Long before it is ever even a speck on the horizon, a shadow cuts the light behind it. Just the slightest roll, eyes turned over its shoulder, just to see who has come to gloat, Quinn finds McKinney standing over it. The strangest thing is, he isn't quite laughing. They've never met before, not face to face, but Quinn learned the Horsemen and their histories very well before it went to Paris. That's part of the job. Chase was part of the history and, in every picture, in every clip of TV news, the grin was in place. You can hear him laughing when he doesn't make a sound.
It doesn't quite see that just now. Barely even smiling.

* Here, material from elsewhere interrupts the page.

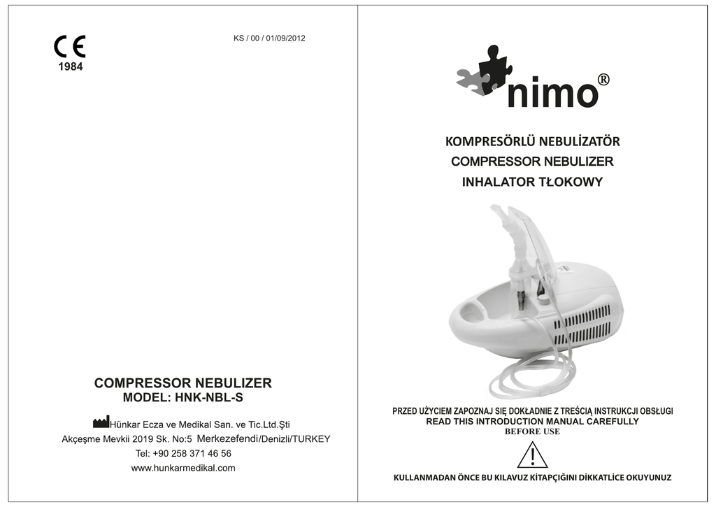 KS / 00 / 01/09/2012 1984 KOMPRESÖRLÜ NEBULİZATÖR INHALATOR TŁOKOWY COMPRESSOR NEBULIZER MODEL: HNK-NBL-S Merkezefendi PRZED UŻYCIEM ZAPOZNAJ SIĘ DOKŁADNIE Z TREŚCIĄ INSTRUKCJI OBSŁUGI READ THIS INTRODUCTION MANUAL CAREFULLY BEFORE USE KULLANMADAN ÖNCE BU KILAVUZ KİTAPÇIĞINI DİKKATLİCE OKUYUNUZ KOMPRESÖRLÜ NEBULİZATÖR MODEL NO.: HNK-NBL-S TALİMATLAR İÇİNDEKİLER 1. 2. 3. 4. 5. 6. 7. Giriş Ürün Tanıtımı Önemli Güvenlik Önlemleri Kompresörlü İlaç Kabınınızi Kullanılması Temizleme Yedek Parçalar & Opsiyonel Aksesuarlar Teknik Özellikler Sayfa 2 Sayfa 3 Sayfa 3 Sayfa 4 Sayfa 5 Sayfa 6 Sayfa 6 1. GİRİŞ Nimo Nebulizatörü satın aldığınız için teşekkür ederiz. Doktor tarafından yazılan ilacın, bronşiyal akciğer yollarına etkin bir şekilde ulaştırılması için tasarlanmış olan kompakt bir medikal cihazdır. Uygun bakım ve kullanımla. siizlere uzun yıllar güvenilir tedavi sağlayacaktır. Bu ürün. astım, alerjiler ve diğer solunum bozukluklarının başarılı bir şekilde tedavisi için geliştirilmiştir. Hava tüpünden ilaç kabına püskürtece doğru gelen bir hava akımı oluşturur. Hava ilaç kabına girdiğinde, kolaylıkla solunması için yazılan ilacı aerosol buğusuna dönüştürecektir. NİMO S Bu ürünün, lisanslı bir doktor ve/veya bir solunum terapisti gözetiminde kullanılması gerekmektedir. Bu ürün özellikleri hakkında bilgi edinmek için bu kılavuz kitapçığı tam olarak okumanızı kuvvetle tavsiye ediyoruz.Bu ürünün tasarlandığı amaç dışında her hangi bir şekilde kullanımından daima kaçınılmalıdır. 2 15 Czyszczenie inhalatora 1.Codziennie przecieraj inhalator zwilżoną szmatką. 2.Nie używaj żadnych środków czyszczących w proszku lub gąbek do szorowania, gdyż mogą one uszkodzić powierzchnię urządzenia. 2. ÜRÜN TANIMLAMASI 1- Nebulizatör kapağı 2- Hava filtresi kapağı 3- Tüp konnektörü 4- Nebulizatör ilaç kabı koyma yeri 5- Açma kapama düğmesi 6- Yetişkin Maske 7- Çocuk Maske 8- İlaç kabı 9- Ağızlık 10- Hava tüpü 11- Hava filtresi yedeği 12- Elektrik kablo yeri 13- Hava açıklıkları Wymiana filtra 1.Nie używaj bawełny ani żadnych innych materiałów. Nie myj ani nie czyść filtra. Używaj wyłącznie filtrów od dystrybutora produktu. Nie używaj urządzenia bez filtra. 2.Filtr należy wymieniać co 30 dni lub gdy filtr stanie się szary. 3.Wymiana filtra: A.Usuń pokrywę filtra. B.Zastąp zużyty filtr nowym. C.Umieść pokrywę filtra na swoim miejscu. 6. WYMIANA CZĘŚCI I DODATKOWE AKCESORIA Części wymienne są dostępne u lokalnego dystrybutora. 7. SPECYFIKACJA Źródło zasilania Pobór mocy Pojemność pojemnika na lek Wielkość cząsteczek AC 230V /50Hz 60 W 8ml frakcja respirabilna 0.5 - 5μm 80% Ochrona przed porażeniem prądem elektrycznym - sprzęt Klasy II - zawiera części typu BF - ustnik, końcówka w kształcie smoczka dla niemowląt oraz maseczka. Zabezpieczenie przed wnikaniem wody - IPX0 (brak specjalnej ochrony) Poziom bezpieczeństwa w obecności łatwopalnych środków znieczulających lub tlenu - brak AP/APG (Nie nadaje się do użytku w obecności łatwopalnych środków znieczulających lub tlenu) 14 Depolama esnasında dikkat edilmesi gereken hususlar: 1. Üniteyi, doğrudan gün ışığına, yüksek sıcaklığa ya da neme maruz kalacak şekilde depolamayınız. 2. Üniteyi ufak çocukların erişemeyeceği yerlerde depolayınız. 3. Kullanılmadığında üniteyi daima fişten çekik olarak muhafaza ediniz. Temizlik esnasında dikkat edilmesi gereken hususlar: 1. Üniteyi suya batırmayınız. Bu ünitenin hasar görmesine yol açabilmektedir. 2. Temizlik öncesinde ünitenin elektrik bağlantısını kesiniz. 3. Bu kılavuzda tarif edildiği şekilde her kullanım sonrasında gerekli tüm parçaları temizleyiniz. 3 4. KOMPRESORLU ILAÇ KABININ KULLANILMASI Not: İlk sefer çalıştırmadan önce, ilaç kabını tam manasıyla temizlenmesi gerekmektedir. 1. Kompresörlü ilaç kabınızı düz ve sabit bir zemine yerleştiriniz. Oturduğunuzda kontrollere kolaylıkta ulaşabileceğinizden emin olunuz. 2. Temizlik kapağını açınız ve içindeki aksesuarları çıkarınız. Önemli: İlk sefer çalıştırmadan önce, bu kitapçıktaki “ Temizlik Prosedürleri” bölümüne bakmak suretiyle püskürtecin tam manasıyla temizlenmesi gerekmektedir. 3. İlaç kabını sökmek için, ilaç kabının üst kısmını nazikçe saat yönünün aksi istikametinde çeviriniz. 4. İlaç kabının alt kısmını, doktorunuzca verilen ilaçla doldurunuz. Alt kısmın içine huni konduğundan emin olunuz. -resim-(Huniyi içine yerleştiriniz ve ilacı doldurunuz) 1.Wypełnij dolną część nebulizatora lekarstwem przepisanym przez lekarza. Upewnij się, że impaktor jest umieszczony w dolnej części nebulizatora. Rozmieść impaktor i wlej lek -------------2.Delikatnie przekręć górną część nebulizatora zgodnie z ruchem wskazówek zegara, by z powrotem zmontować urządzenie. Upewnij się, że dolna i górna część są dobrze dopasowane. 1.Załóż końcówkę rurki łączącej na wylot powietrza z kompresora. 2.Drugą końcówkę rurki łączącej nałóż na wlot powietrza do nebulizatora. 3.Przymocuj ustnik lub maseczkę (zgodnie z Twoimi preferencjami) do górnej części nebulizatora. 4.Podłącz przewód zasilający do odpowiedniego gniazdka elektrycznego. Upewnij się na tym etapie, czy przycisk zasilania jest ustawiony na „OFF” (wyłączony). 5.Naciśnij przycisk zasilania, by uruchomić urządzenie. Ważne: Silnik kompresora posiada zabezpieczenie termiczne, które wyłącza urządzenie w przypadku zagrożenia przegrzaniem. W przypadku wyłączenia inhalatora przy pomocy zabepieczenia termicznego należy: a. Wyłączyć inhalator. b. Odłączyć inhalator z gniazdka elektrycznego. c. Odczekać 30 minut na ochłodzenie silnika kompresora przed wznowieniem użytkowania inha

He has brought a bundle and throws it so it lands in front of Quinn. With that, and not a word, he leaves again. Quinn reaches out and pulls soft folds closer. A towel, but it landed heavier than a towel when he threw it. And as it pulls, the folds open up, and Quinn sees strange weights inside. Now it pushes up. Sits straight and hides the bundle with its body in case anyone else should come to check on it.
Hidden in the towel, it finds a penknife, a narrow flashlight and a clatter of old deadbolt keys on a keychain shaped like a smiling octopus with eyes that bulge when you squeeze it. There's something else too, something smaller, which it misses until it picks the towel up to drag its face dry. A little envelope of dull green leather. The silver spade printed on it is all but worn off. Inside, a set of lockpicks, and a note folded up small. Third floor, it says. Last door on the left.